The SARS-CoV-2 virus, responsible for the COVID-19 disease, has caused a global pandemic resulting in numerous deaths and significant impacts on the global economy and daily life. At the beginning of the pandemic there were no vaccines available to prevent COVID-19, so the non-pharmaceutical interventions, such as reducing person-to-person contact, were crucial in preventing the spread of the virus. Because of this, It is essential to develop strategies to control the disease's spread while preserving people's well-being, preventing job losses, and minimizing the economic impact.
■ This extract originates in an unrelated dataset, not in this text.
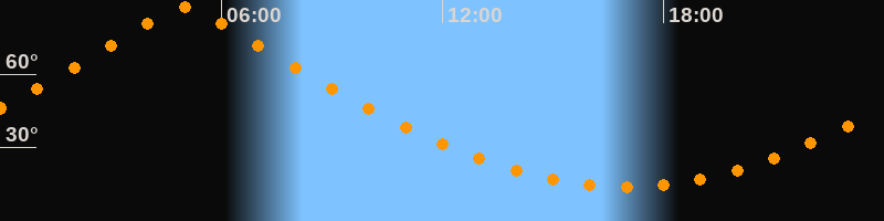 | Höchster Stand (Kulmination) | 05:00 Uhr (h = 87,4°) |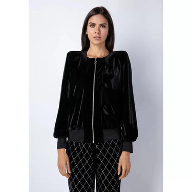 Jaqueta bomber, com zíper, de veludo, com detalhes brilhantes nas costas.

A solution to the problem of controlling the spread of the SARS-CoV-2 virus is to use a meta-population model. This model takes into account the mobility of people and includes parameters to modulate their behavior based on real-world factors such as changes in social behavior, quarantines, and lockdowns. This model significantly expands traditional SEIR models and allows for more accurate forecasting of the pandemic's impact on both the population and the healthcare system. By understanding the propagation dynamics of the virus and identifying areas that contribute more to its spread, large-scale mitigation strategies can be developed to control its spread while preserving people's well-being, preventing job losses, and minimizing the economic impact.
The objective of this project, funded by the US Air Force Office of Research (AFOSR), is to develop tools that allow us to understand the current situation of the pandemic (nowcasting) and its projected impact (forecasting), both in the population and in the health system, through a georeferenced model to study the spread of the SARS-CoV-2 virus.